Condition A-1: The uneven surface is divided into 64 μm square measurement areas, the three-dimensional arithmetic average roughness SRa in each measurement area is obtained, and the standard deviation σ SRa of the three-dimensional arithmetic average roughness in all measurement areas is obtained. When calculated, σ SRa is 0.050 μm or less.
Condition A-2: The uneven surface is divided into 64 μm square measurement areas, the three-dimensional arithmetic average roughness SRa in each measurement area is obtained, and the average SRa AVE of the three-dimensional arithmetic average roughness in all measurement areas is calculated. When SRa AVE is 0.100 μm or more.
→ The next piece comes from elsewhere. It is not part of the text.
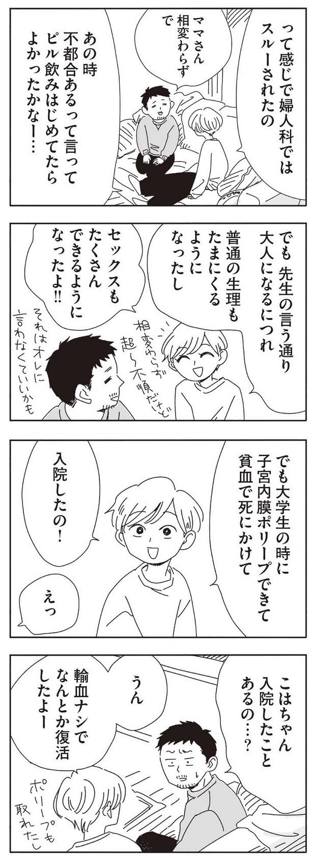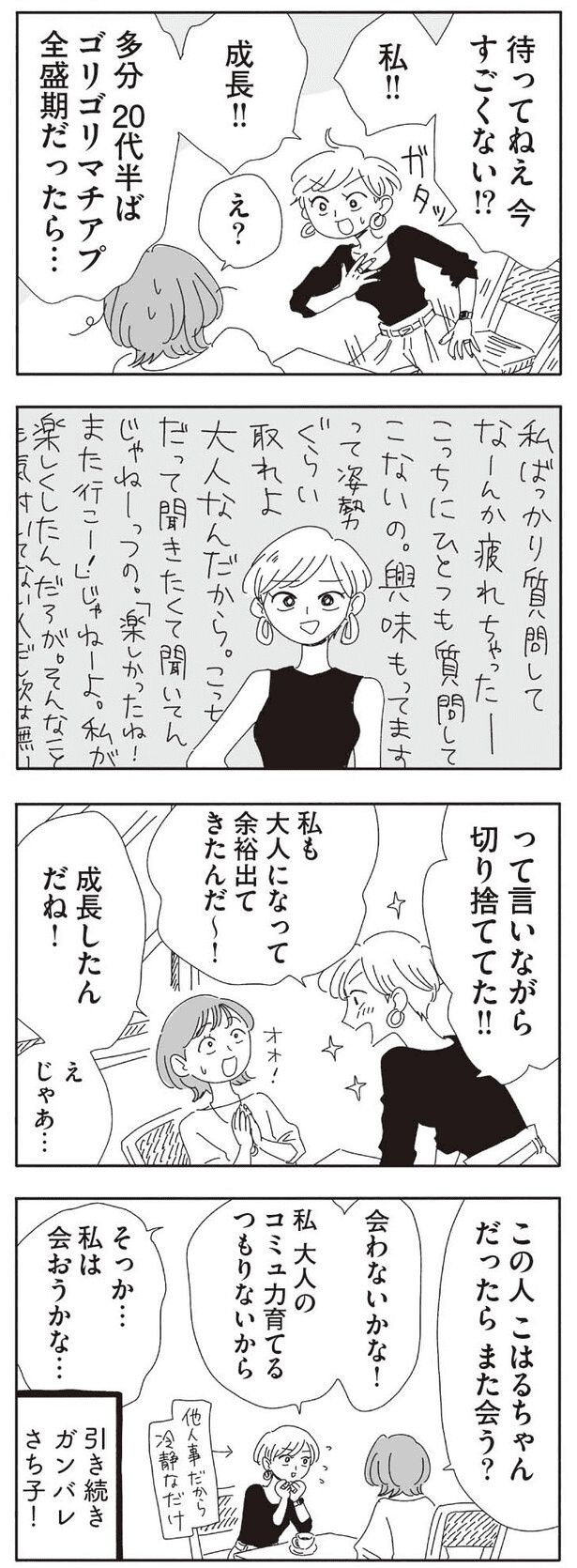 仕事を終えた20時過ぎに、それは始まる。なにげない、でも濃すぎるアラサー女子たちの報告会。慎重派なこはる、短期決戦の女りさこ、バランサーのきみちゃん他、アラサー女子たちの悩みは今日も尽きない——。「妊活」「結婚生活の不満」「パートナーとの日常生活」など、たくさん悩んで、たくさん話して、決断を迫られる彼女たちに共感したりハッとさせられること間違いなし! アラサー女子のリアルが詰まった赤裸々話が盛りだくさんの大人気ガールズトーク漫画『20時過ぎの報告会』(1~5巻)。大好評だった1~4巻に続いて、2月18日発売の最新刊5巻から、新たなエピソードをお届けします。

Condition B-1: According to JIS K7374, the transmission image of the optical sheet for each of the optical comb widths of the image clarity measuring device of 0.125 mm, 0.25 mm, 0.5 mm, 1.0 mm and 2.0 mm Measure sharpness. C 0.125 transmission image definition with an optical comb width of 0.125 mm, C 0.25 transmission image definition with an optical comb width of 0.25 mm, and transmission image definition with an optical comb width of 0.5 mm When the degree of transmission is C 0.5 , the transmission image definition with an optical comb width of 1.0 mm is C 1.0 , and the transmission image definition with an optical comb width of 2.0 mm is C 2.0 , C 0.125, C 0.25, the difference between the maximum value and the minimum value of C 0.5 and C 1.0 are within 6.0%.
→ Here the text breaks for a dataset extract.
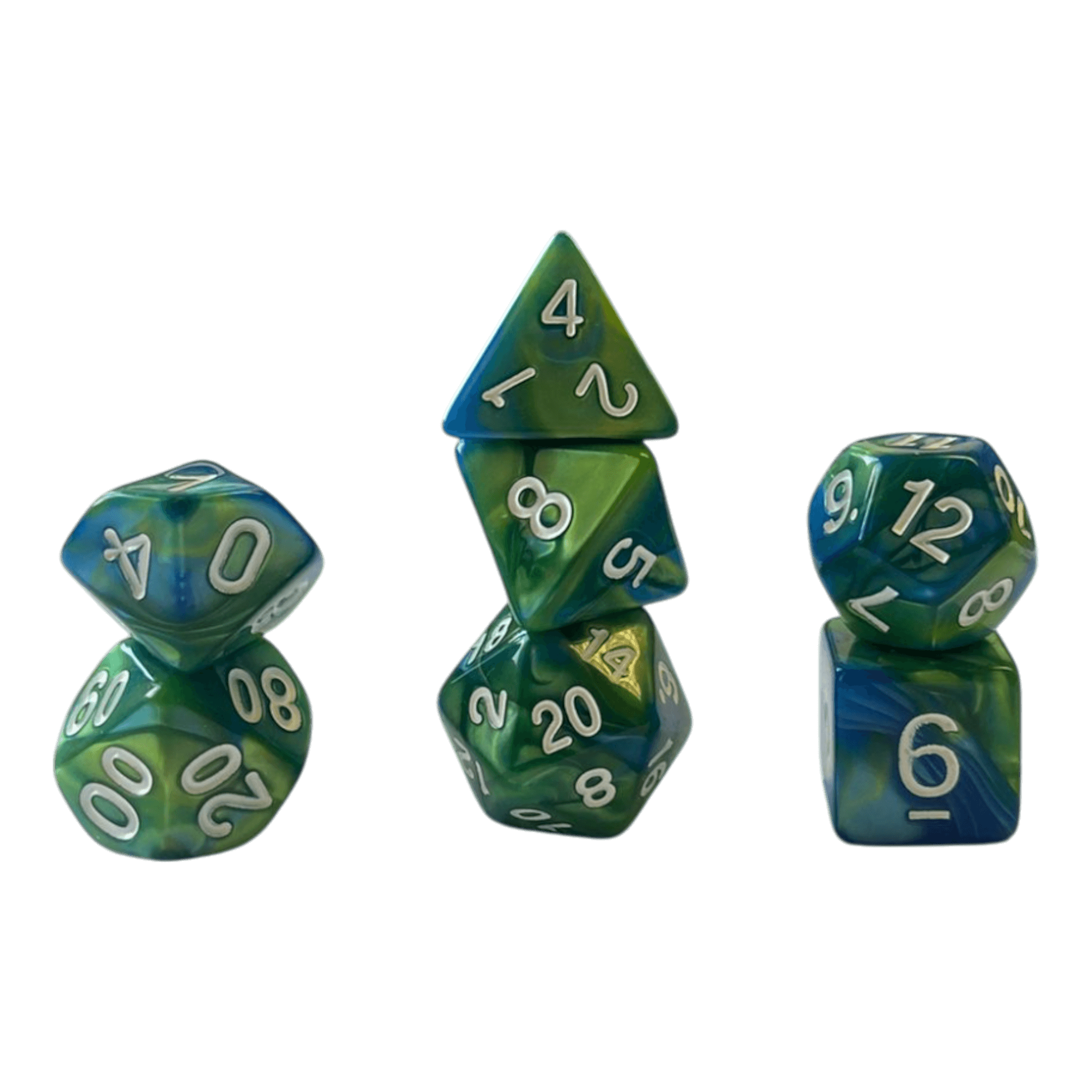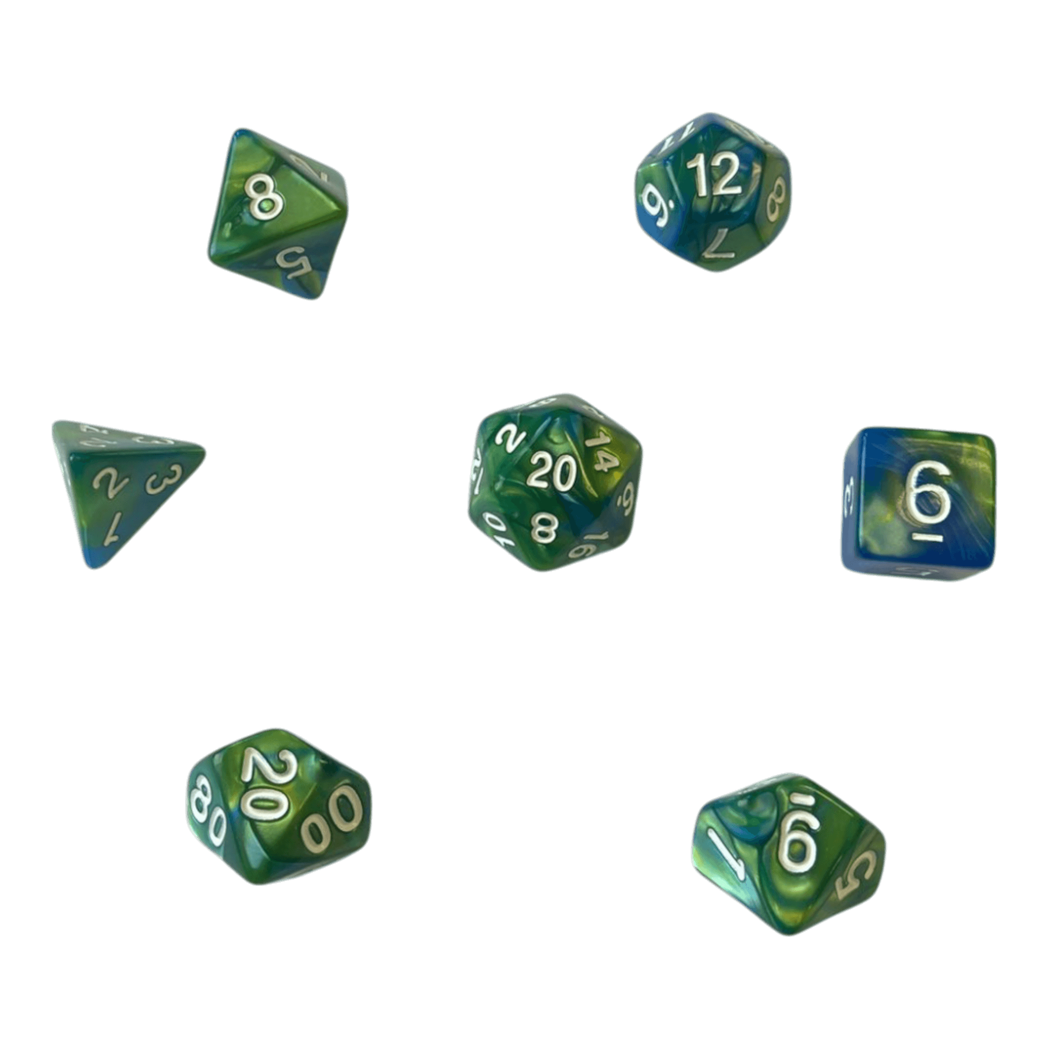 Das Blau & Grün Perlmutt Würfel-Set vereint atemberaubendes Design mit hochwertiger Verarbeitung. Die faszinierenden Farbschattierungen in Blau und Grün, kombiniert mit dem perlmuttschimmernden Effekt, verleihen diesen Würfeln ein einzigartiges Aussehen. Die weißen Zahlen heben sich klar von der Oberfläche ab und garantieren eine einfache Lesbarkeit während des Spiels.

Condition B-2: The difference between C 2.0 and C 1.0 is 10.0% or more.
A method for producing an optical sheet having a concavo-convex shape on a surface, wherein the optical sheet satisfies the following conditions A-1 and A-2, or satisfies the following conditions B-1 and B-2: The manufacturing method of the optical sheet used for the front surface of the display element with a pixel density of 300 ppi or more.
Condition A-1: The uneven surface is divided into 64 μm square measurement areas, the three-dimensional arithmetic average roughness SRa in each measurement area is obtained, and the standard deviation σ SRa of the three-dimensional arithmetic average roughness in all measurement areas is obtained. When calculated, σ SRa is 0.050 μm or less.
Condition A-2: The uneven surface is divided into 64 μm square measurement areas, the three-dimensional arithmetic average roughness SRa in each measurement area is obtained, and the average SRa AVE of the three-dimensional arithmetic average roughness in all measurement areas is calculated. When SRa AVE is 0.100 μm or more.
Condition B-1: According to JIS K7374, the transmission image of the optical sheet for each of the optical comb widths of the image clarity measuring device of 0.125 mm, 0.25 mm, 0.5 mm, 1.0 mm and 2.0 mm Measure sharpness. C 0.125 transmission image definition with an optical comb width of 0.125 mm, C 0.25 transmission image definition with an optical comb width of 0.25 mm, and transmission image definition with an optical comb width of 0.5 mm When the degree of transmission is C 0.5 , the transmission image definition with an optical comb width of 1.0 mm is C 1.0 , and the transmission image definition with an optical comb width of 2.0 mm is C 2.0 , C 0.125, C 0.25, the difference between the maximum value and the minimum value of C 0.5 and C 1.0 are within 6.0%.
Condition B-2: The difference between C 2.0 and C 1.0 is 10.0% or more.